It may be transmitted from the PU 62 or the like.

The capacitor 218 is connected in parallel with the lithium ion battery 250. The capacitor 218 performs a function of smoothing a voltage supplied to a load of the digital camera 10.

The terminal 228 connects an external power supply to the digital camera 10 via the DC terminal 230. Terminal 228
Are also connected to the terminal 220. That is, when the AC adapter 270 is connected to the DC terminal 230, the power supplied from the external power supply is supplied to the power supply system 200 via the terminal 220. The terminal 220 is connected to the lithium ion battery 2 of the load of the digital camera 10.
It is also connected to loads that require voltages higher than 50. When power is supplied to these loads from the lithium ion battery 250, power is supplied through the terminal 220.

The control section 300 receives information from a plurality of input terminals connected to each section of the circuit of the power supply system 200. The voltage supplied to the load of the digital camera 10 via the terminal 220 is input to the “FB_UP” terminal.
The voltage supplied to the load of the digital camera 10 via the terminal 224 is input to the “FB_DOWN” terminal.
The “Li_GND” terminal has a lithium ion battery 250
Is input. A reference voltage for constant current control is input to the “ADP_GND” terminal.

The control section 300 controls the switch elements based on the input information. Control unit 300 transmits an on / off control signal from an output terminal to a switch element of power supply system 200. The “SYNC / CHARGE” terminal outputs a signal for controlling the FET 202.
The “SYNC / SW” terminal outputs a signal for controlling the FET 204. "Li_SW" terminal is FET2
06 is output. "ADPSW_
The “SHORT” terminal outputs a signal for controlling the FET 208.

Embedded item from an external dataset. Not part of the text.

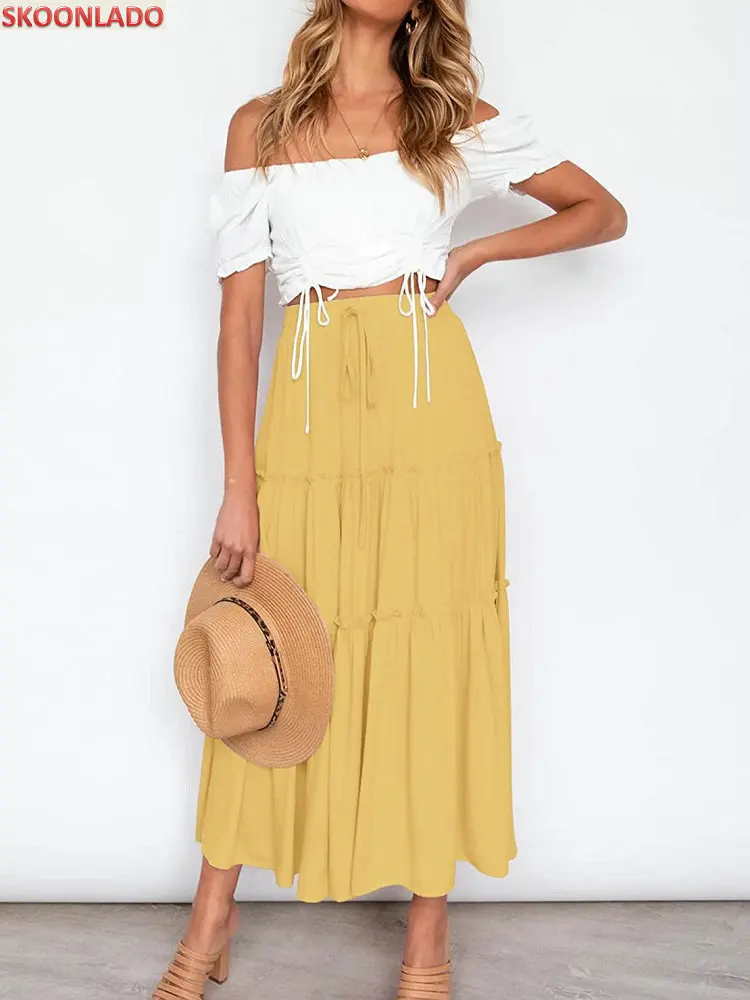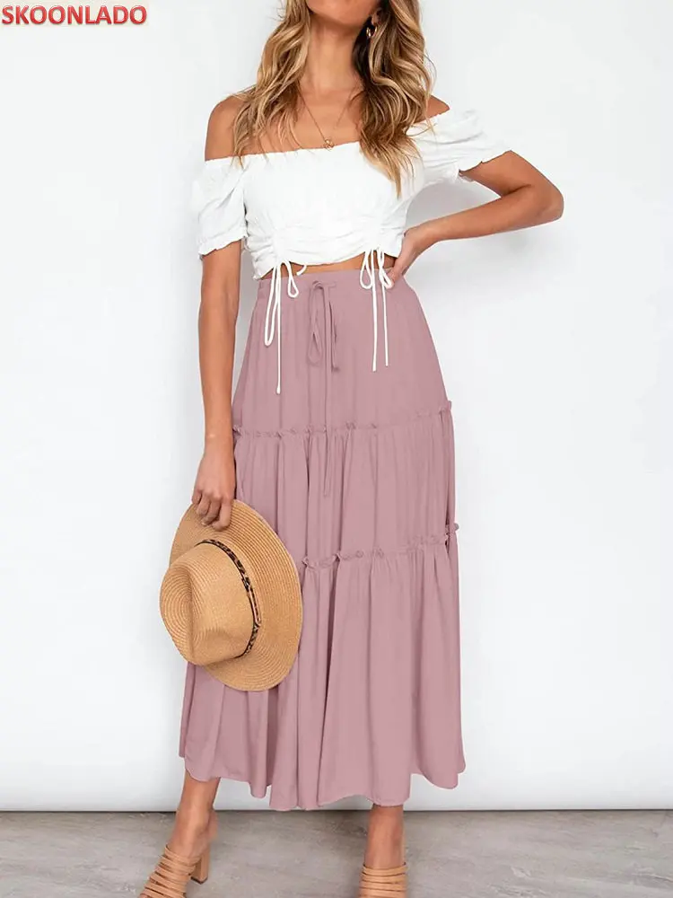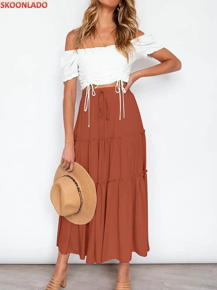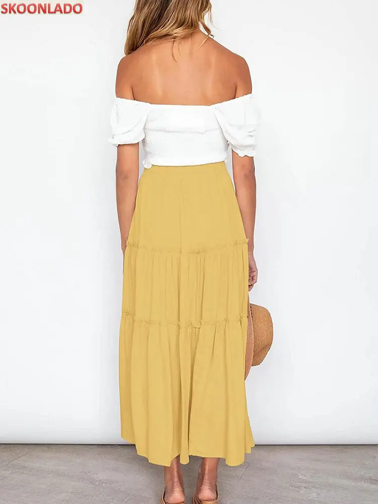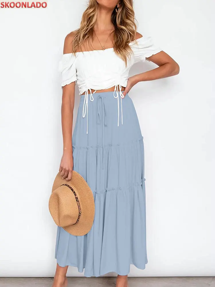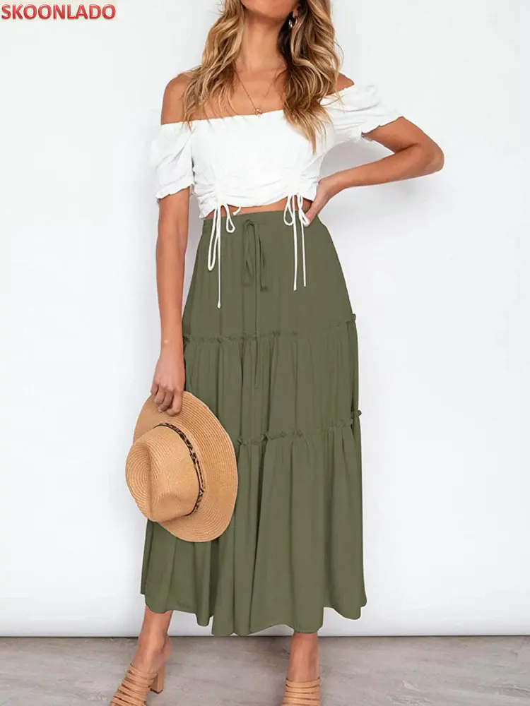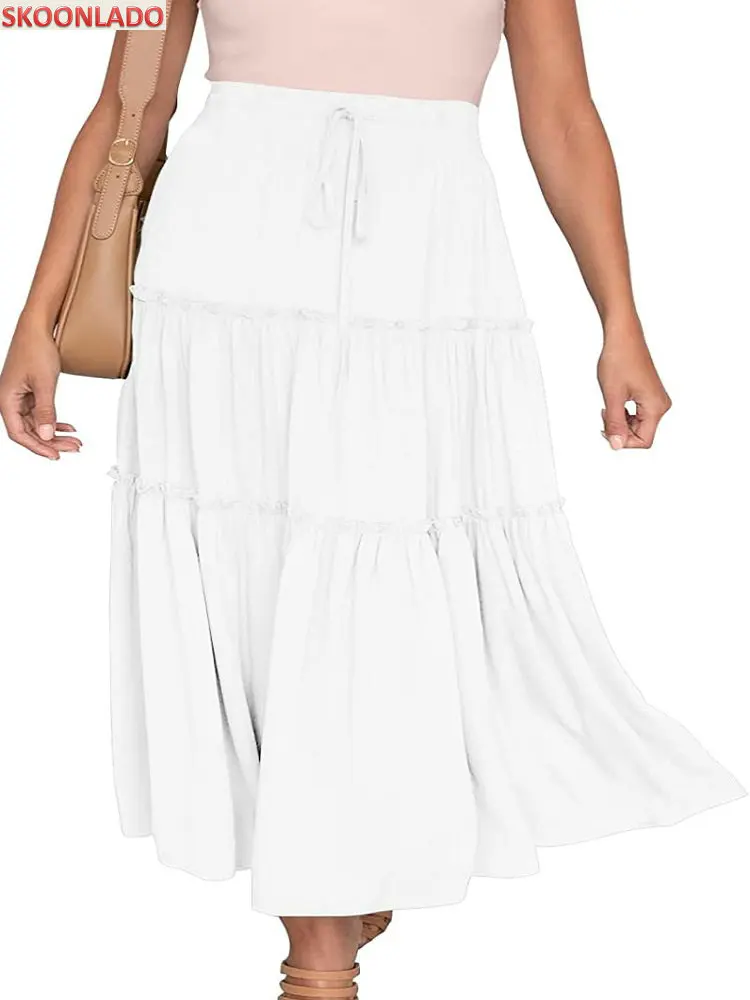 Newest Women High Waist Midi Skirt Boho A-Line Pleated Flowy Summer Skirts

The control unit 300 may be realized as hardware by a circuit, or some functions of the control unit 300 may be realized as software. For example, analysis of an input signal and determination of an output signal may be performed by a program loaded into the main CPU 62.

As an operation mode of the power supply system 200,
There are four main types: First, the first operation mode is an internal power supply mode. In the internal power supply mode, the power of the lithium ion battery 250 is supplied to the load of the digital camera 10 via the terminal 224. The internal power supply mode is used when the power switch 112 of the digital camera 10 is turned on when the AC adapter 270 is not connected to the DC terminal 230. In the internal power supply mode, the FETs 202, 204, and 2
08 is kept off by the control unit 300. F
ET 206 is kept on by control unit 300. The configuration of the power supply system 200 at this time is shown in FIG. The operation in the internal power supply mode will be described in detail in the description of FIG.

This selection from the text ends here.